Well here is what Freedom House had to say about the IDF and the press in the occupied territory:
"Israeli security policies and military activities also continued to restrict Palestinian media freedom in 2010. Israeli journalists have been prohibited from entering the Gaza Strip since 2006 under a military decree that cites journalists’ personal safety. This ban was extended to all foreign journalists from November 2008 to late January 2009, when a ceasefire ended an Israeli incursion into Gaza. However, Israeli journalists are still barred from entering. In June 2010, Israeli commandos arrested and detained 18 international journalists during a raid on a Gaza-bound activist flotilla that was attempting to bring goods into the territory to protest an Israeli naval blockade; nine people were killed and dozens injured during the operation. Many of the journalists were detained in Israeli jails and released after a few days, in some cases without their possessions or travel documents. According to the Committee to Protect Journalists (CPJ), at least six journalists had their equipment either confiscated or destroyed by IDF soldiers. In addition, detained photographer Issam Zaatar, of the Qatar-based satellite television station Al-Jazeera, reported that Israeli soldiers destroyed his camera and broke his arm on one of the ships and later subjected him to a lengthy interrogation. An ensuing debate over the initiation of violence during the raid played out in Israeli print and internet-based as well as international media outlets, with CPJ decrying “Israel’s editing and distribution of footage confiscated from foreign journalists.”

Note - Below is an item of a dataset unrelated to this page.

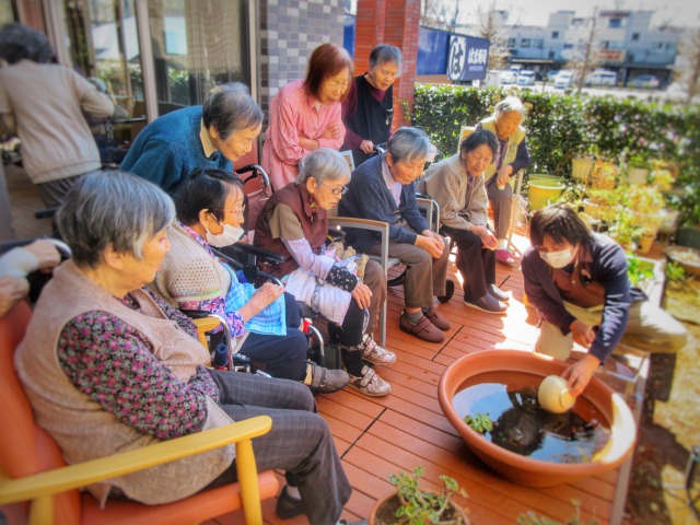 これからは私だけでなく、ご入居者様にもメダカのお世話をしていただいて、少しでも外に出る習慣をつけてほしいです!
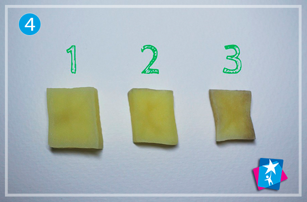 Через декілька годин можна перевіряти, як змінилися наші картопляні кубики. І ось які висновки можна зробити:

Israeli security services continued to harass and detain reporters during the year, and were repeatedly accused by local and international press freedom organizations of targeting journalists for assault and arbitrary detention. Soldiers fired tear gas, rubber bullets, and stun grenades at journalists covering events throughout the West Bank, particularly those from Palestinian news organizations and from Al-Jazeera. Soldiers also confiscated journalists’ equipment on a number of occasions in 2010. Freedom of movement is restricted by the Israeli checkpoint system, which requires military permission for passage into Israeli territory and often hinders travel within the West Bank. In addition, the IDF has increasingly restricted coverage of the regular protests near the Israeli security barrier in the West Bank by declaring such areas “closed military zones.” According to the Palestinian Center for Development and Media Freedoms (MADA), there were 218 “violations of media freedoms” in the territories in 2010 (up 26 percent from 2009), 139 of which were committed by the Israeli security forces and settlers, and 79 of which were committed by the Palestinian security forces in the West Bank and Gaza or by Palestinian militant groups."